Looks like we've issues with staging APIs after deployment:

$ curl -vk https://staging.svc.eqiad.wmnet:4002/v2/page/en/gu/Hello_Kitty
* Uses proxy env variable no_proxy == 'wikipedia.org,wikimedia.org,wikibooks.org,wikinews.org,wikiquote.org,wikisource.org,wikiversity.org,wikivoyage.org,wikidata.org,wikiworkshop.org,wikifunctions.org,wiktionary.org,mediawiki.org,wmfusercontent.org,w.wiki,wikimediacloud.org,wmnet,127.0.0.1,::1'
*   Trying 2620:0:861:102:10:64:16:55:4002...

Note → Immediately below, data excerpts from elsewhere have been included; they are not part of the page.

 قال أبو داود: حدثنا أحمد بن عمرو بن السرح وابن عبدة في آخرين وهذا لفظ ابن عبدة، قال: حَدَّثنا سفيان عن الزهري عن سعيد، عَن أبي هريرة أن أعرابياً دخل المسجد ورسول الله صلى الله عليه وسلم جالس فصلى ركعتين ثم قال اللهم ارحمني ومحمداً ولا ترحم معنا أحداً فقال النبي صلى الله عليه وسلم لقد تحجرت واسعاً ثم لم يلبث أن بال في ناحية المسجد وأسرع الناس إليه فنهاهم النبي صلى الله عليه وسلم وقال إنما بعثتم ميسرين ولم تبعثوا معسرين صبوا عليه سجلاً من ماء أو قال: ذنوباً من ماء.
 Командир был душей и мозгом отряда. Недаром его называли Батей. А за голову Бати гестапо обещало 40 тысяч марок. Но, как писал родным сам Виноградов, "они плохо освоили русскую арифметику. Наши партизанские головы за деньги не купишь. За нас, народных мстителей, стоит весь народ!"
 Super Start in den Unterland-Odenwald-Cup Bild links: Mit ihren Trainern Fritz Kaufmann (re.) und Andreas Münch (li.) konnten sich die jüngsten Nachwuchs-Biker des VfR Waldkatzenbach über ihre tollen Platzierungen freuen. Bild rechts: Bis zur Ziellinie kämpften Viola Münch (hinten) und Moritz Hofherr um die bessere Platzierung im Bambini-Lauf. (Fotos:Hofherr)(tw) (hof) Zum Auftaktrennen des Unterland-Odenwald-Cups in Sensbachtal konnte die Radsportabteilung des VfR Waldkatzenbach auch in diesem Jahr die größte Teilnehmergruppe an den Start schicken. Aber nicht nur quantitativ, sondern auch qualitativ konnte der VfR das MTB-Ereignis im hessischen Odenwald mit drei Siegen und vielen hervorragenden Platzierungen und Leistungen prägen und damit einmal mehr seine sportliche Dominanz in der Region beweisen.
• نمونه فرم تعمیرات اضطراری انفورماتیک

*   Trying 10.64.16.55:4002...
* Connected to staging.svc.eqiad.wmnet (10.64.16.55) port 4002 (#0)
* ALPN, offering h2
* ALPN, offering http/1.1
* successfully set certificate verify locations:
*  CAfile: /etc/ssl/certs/ca-certificates.crt
*  CApath: /etc/ssl/certs
* TLSv1.3 (OUT), TLS handshake, Client hello (1):
* TLSv1.3 (IN), TLS handshake, Server hello (2):
* TLSv1.3 (IN), TLS handshake, Encrypted Extensions (8):
* TLSv1.3 (IN), TLS handshake, Certificate (11):
* TLSv1.3 (IN), TLS handshake, CERT verify (15):
* TLSv1.3 (IN), TLS handshake, Finished (20):
* TLSv1.3 (OUT), TLS change cipher, Change cipher spec (1):
* TLSv1.3 (OUT), TLS handshake, Finished (20):
* SSL connection using TLSv1.3 / TLS_AES_256_GCM_SHA384
* ALPN, server did not agree to a protocol
* Server certificate:
*  subject: CN=cxserver-staging-tls-proxy-certs
*  start date: Sep  2 10:41:00 2025 GMT
*  expire date: Sep  3 10:41:00 2025 GMT
*  issuer: C=US; L=San Francisco; O=Wikimedia Foundation, Inc; OU=SRE Foundations; CN=discovery
*  SSL certificate verify ok.
> GET /v2/page/en/gu/Hello_Kitty HTTP/1.1
> Host: staging.svc.eqiad.wmnet:4002
> User-Agent: curl/7.74.0
> Accept: */*
> 
* TLSv1.3 (IN), TLS handshake, Newsession Ticket (4):
* TLSv1.3 (IN), TLS handshake, Newsession Ticket (4):
* old SSL session ID is stale, removing
* Mark bundle as not supporting multiuse
< HTTP/1.1 404 Not Found
< access-control-allow-origin: *
< access-control-allow-headers: accept, authorization, x-requested-with, content-type, x-wikimedia-debug
< access-control-expose-headers: etag
< x-xss-protection: 1; mode=block
< x-content-type-options: nosniff
< x-frame-options: SAMEORIGIN
< content-security-policy: default-src 'self'; object-src 'none'; media-src *; img-src *; style-src *; frame-ancestors 'self'
< x-content-security-policy: default-src 'self'; object-src 'none'; media-src *; img-src *; style-src *; frame-ancestors 'self'
< x-webkit-csp: default-src 'self'; object-src 'none'; media-src *; img-src *; style-src *; frame-ancestors 'self'
< date: Tue, 02 Sep 2025 11:50:32 GMT
< x-envoy-upstream-service-time: 2
< server: staging-tls
< transfer-encoding: chunked
< 
* Connection #0 to host staging.svc.eqiad.wmnet left intact
404: MW API error from URL: http://localhost:6500/w/api.php?format=json&action=query&meta=siteinfo&siprop=general%7Cnamespaces%7Cnamespacealiases%7Cspecialpagealiases&formatversion=2: api_error
$ curl -vk https://staging.svc.eqiad.wmnet:4002/v2/suggest/sections/Gujarat/en/gu
* Uses proxy env variable no_proxy == 'wikipedia.org,wikimedia.org,wikibooks.org,wikinews.org,wikiquote.org,wikisource.org,wikiversity.org,wikivoyage.org,wikidata.org,wikiworkshop.org,wikifunctions.org,wiktionary.org,mediawiki.org,wmfusercontent.org,w.wiki,wikimediacloud.org,wmnet,127.0.0.1,::1'
*   Trying 2620:0:861:102:10:64:16:55:4002...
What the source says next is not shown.